ADVANCED SELF-CONDITIONED GAN FOR HISTOLOGY IMAGE SYNTHESIS AND DATA AUGMENTATION
DOI:
https://doi.org/10.31891/2219-9365-2025-83-15Keywords:
generative models, GAN, medical imaging, self-conditioning, histology, synthetic imagesAbstract
The article explores modern methods and innovative approaches aimed at advancing medical image generation through the application of deep generative models, with particular emphasis on state-of-the-art Generative Adversarial Network (GAN) architectures enhanced by self-conditioning mechanisms in scenarios of limited data availability. A central research objective is the synthesis of histological images that combine high visual fidelity, strong realism, and adequate variability, thereby making them suitable for both clinical practice and scientific research applications. By generating artificial yet realistic images, the proposed methodology contributes to overcoming one of the most pressing barriers in medical imaging research—namely, the scarcity of sufficiently large and diverse annotated datasets.
The paper provides an in-depth analysis of the main challenges inherent in medical image synthesis. These include the constraints imposed by limited and heterogeneous training datasets, the difficulty of ensuring anatomical and structural consistency in generated outputs, and the problem of maintaining stability during adversarial training. To evaluate the proposed solution, experiments were conducted using the PathMNIST dataset, a benchmark collection of histopathological image sections widely applied in computational pathology.
The experimental results clearly demonstrate the benefits of incorporating self-conditioning within GAN frameworks. Specifically, self-conditioning was shown to stabilize the adversarial training process, significantly mitigate the risk of mode collapse, and improve the overall perceptual quality of generated samples. Furthermore, improvements were confirmed quantitatively through objective image quality metrics as well as classifier performance when trained on augmented data.
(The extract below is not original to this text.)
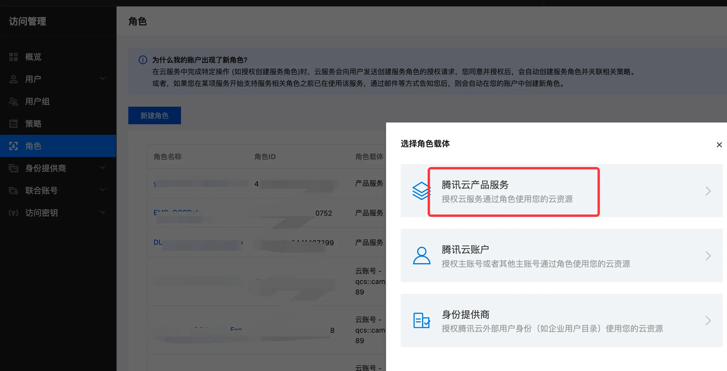 AutoMQ 数据面集群需要独立的节点池,该节点池需要绑定独立的 CAM 角色用于访问云资源的权限验证。因此,在创建 TKE 集群之前,需要前往 CAM 控制台创建自定义角色。操作步骤如下:- 前往 CAM 控制台,点击角色,新建角色, 选择腾讯云产品服务 。

These findings underscore the potential of the proposed approach for practical applications in data augmentation, robust evaluation of diagnostic algorithms, and the development of decision-support systems in digital pathology.
The contribution of this work lies not only in the methodological novelty of applying self-conditioning to medical image generation, but also in its practical relevance for clinical AI pipelines, where high-quality synthetic data can accelerate innovation while ensuring reproducibility and generalizability of diagnostic models.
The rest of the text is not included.